In the entries below, find the line with "Elzach.jpg | |" and the line with "Kondig de geboorte". Return those two lines and all lines between them, exactly.

* _RAW DATA_:
"""

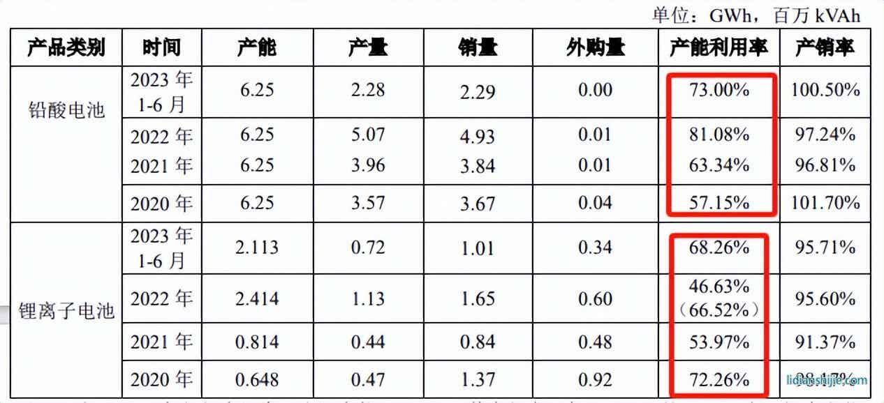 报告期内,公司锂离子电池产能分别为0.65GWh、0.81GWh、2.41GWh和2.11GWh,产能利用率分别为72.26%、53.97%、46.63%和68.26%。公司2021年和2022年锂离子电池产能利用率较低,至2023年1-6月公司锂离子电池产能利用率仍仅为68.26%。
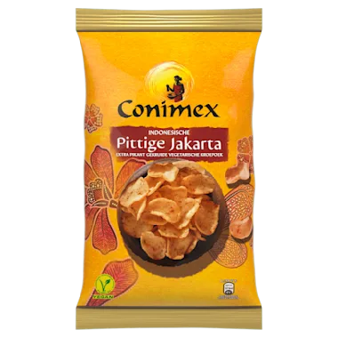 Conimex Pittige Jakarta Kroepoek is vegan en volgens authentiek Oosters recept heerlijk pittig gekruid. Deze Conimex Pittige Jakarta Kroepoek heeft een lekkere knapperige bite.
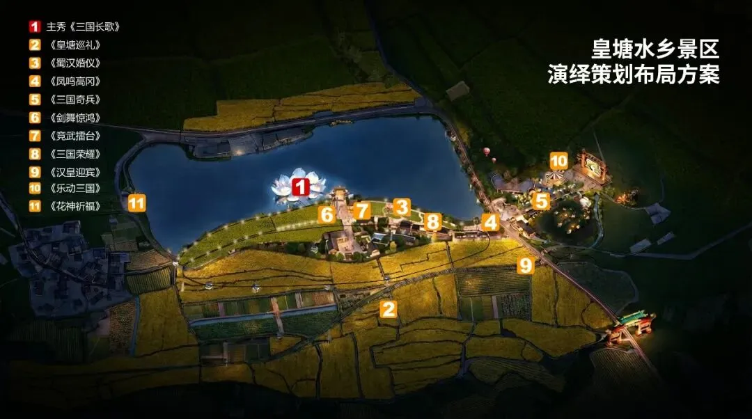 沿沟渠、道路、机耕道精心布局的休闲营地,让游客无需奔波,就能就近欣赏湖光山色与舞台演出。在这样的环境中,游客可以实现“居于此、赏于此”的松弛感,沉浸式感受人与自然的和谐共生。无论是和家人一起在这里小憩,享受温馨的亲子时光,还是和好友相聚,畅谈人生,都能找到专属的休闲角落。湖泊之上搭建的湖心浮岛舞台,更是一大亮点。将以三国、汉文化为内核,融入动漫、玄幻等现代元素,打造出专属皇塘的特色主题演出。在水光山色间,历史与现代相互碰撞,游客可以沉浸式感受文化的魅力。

"""
"""

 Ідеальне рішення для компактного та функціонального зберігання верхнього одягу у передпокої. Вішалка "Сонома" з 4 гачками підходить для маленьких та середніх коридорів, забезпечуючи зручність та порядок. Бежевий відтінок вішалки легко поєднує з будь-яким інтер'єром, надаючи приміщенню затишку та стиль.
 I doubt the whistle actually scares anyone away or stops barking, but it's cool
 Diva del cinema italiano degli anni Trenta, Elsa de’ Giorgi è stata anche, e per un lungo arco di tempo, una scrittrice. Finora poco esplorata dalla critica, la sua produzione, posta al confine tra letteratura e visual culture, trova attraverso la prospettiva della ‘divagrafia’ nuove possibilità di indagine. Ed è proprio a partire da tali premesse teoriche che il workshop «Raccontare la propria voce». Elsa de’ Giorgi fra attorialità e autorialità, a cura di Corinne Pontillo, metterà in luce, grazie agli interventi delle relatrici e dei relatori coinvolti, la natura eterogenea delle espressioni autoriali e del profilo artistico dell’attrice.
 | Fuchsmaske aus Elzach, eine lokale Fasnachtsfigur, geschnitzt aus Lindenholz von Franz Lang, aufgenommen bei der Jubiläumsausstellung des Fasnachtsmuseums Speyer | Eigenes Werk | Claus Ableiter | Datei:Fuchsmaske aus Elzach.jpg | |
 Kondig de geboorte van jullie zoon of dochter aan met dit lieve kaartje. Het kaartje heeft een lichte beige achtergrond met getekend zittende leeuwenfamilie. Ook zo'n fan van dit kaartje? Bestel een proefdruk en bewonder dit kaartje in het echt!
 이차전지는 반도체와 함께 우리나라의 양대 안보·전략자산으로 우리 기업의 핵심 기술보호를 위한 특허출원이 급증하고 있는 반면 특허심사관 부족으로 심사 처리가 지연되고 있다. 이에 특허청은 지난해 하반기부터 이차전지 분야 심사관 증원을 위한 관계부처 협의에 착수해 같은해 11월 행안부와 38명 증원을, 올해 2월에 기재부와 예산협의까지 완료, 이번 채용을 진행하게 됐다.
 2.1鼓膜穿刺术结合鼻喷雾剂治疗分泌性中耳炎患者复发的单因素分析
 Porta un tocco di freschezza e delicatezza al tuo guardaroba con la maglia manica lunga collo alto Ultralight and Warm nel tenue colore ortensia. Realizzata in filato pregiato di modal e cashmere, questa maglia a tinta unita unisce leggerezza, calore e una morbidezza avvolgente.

"""
"""

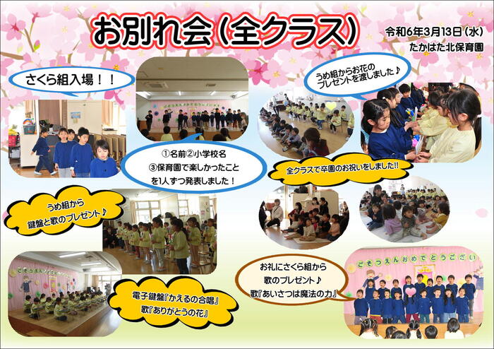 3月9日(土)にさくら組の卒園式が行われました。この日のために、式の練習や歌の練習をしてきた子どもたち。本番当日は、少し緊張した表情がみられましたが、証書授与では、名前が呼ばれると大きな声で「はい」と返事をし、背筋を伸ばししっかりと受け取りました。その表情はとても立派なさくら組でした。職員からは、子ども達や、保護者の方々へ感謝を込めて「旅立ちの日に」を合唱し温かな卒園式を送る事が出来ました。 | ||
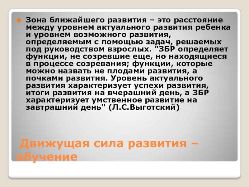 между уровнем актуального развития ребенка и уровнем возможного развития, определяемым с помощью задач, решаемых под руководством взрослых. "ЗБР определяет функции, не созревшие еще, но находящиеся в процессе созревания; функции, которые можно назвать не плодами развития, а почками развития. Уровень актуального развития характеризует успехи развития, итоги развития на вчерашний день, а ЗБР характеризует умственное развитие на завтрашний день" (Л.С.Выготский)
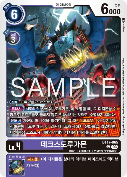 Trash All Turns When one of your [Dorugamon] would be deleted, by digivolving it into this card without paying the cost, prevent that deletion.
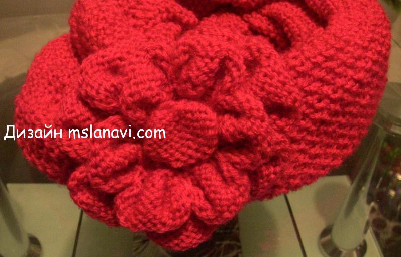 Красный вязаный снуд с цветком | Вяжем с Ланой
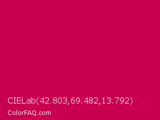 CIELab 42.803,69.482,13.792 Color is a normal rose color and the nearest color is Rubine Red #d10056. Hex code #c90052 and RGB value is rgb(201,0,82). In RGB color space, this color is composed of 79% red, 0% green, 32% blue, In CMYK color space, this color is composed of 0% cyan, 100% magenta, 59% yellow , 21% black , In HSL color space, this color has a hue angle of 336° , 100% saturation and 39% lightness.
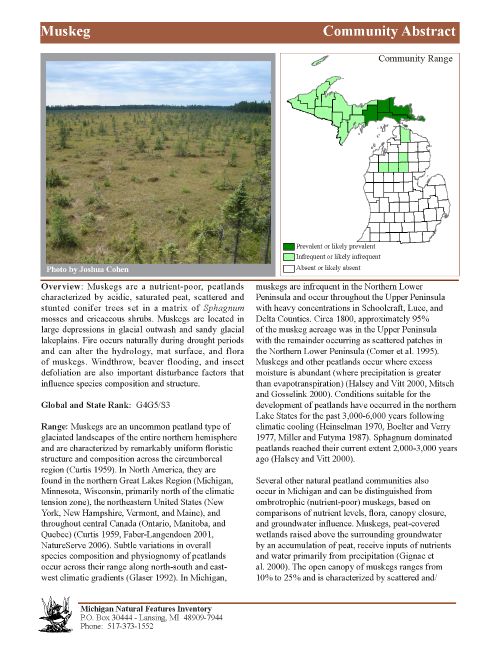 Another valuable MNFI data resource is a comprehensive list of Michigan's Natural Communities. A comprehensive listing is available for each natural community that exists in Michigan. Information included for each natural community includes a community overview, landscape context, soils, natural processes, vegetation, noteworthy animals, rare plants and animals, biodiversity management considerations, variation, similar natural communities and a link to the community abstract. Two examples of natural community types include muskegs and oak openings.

"""

* _FINISHED TASK_:
 | Fuchsmaske aus Elzach, eine lokale Fasnachtsfigur, geschnitzt aus Lindenholz von Franz Lang, aufgenommen bei der Jubiläumsausstellung des Fasnachtsmuseums Speyer | Eigenes Werk | Claus Ableiter | Datei:Fuchsmaske aus Elzach.jpg | |
 Kondig de geboorte van jullie zoon of dochter aan met dit lieve kaartje. Het kaartje heeft een lichte beige achtergrond met getekend zittende leeuwenfamilie. Ook zo'n fan van dit kaartje? Bestel een proefdruk en bewonder dit kaartje in het echt!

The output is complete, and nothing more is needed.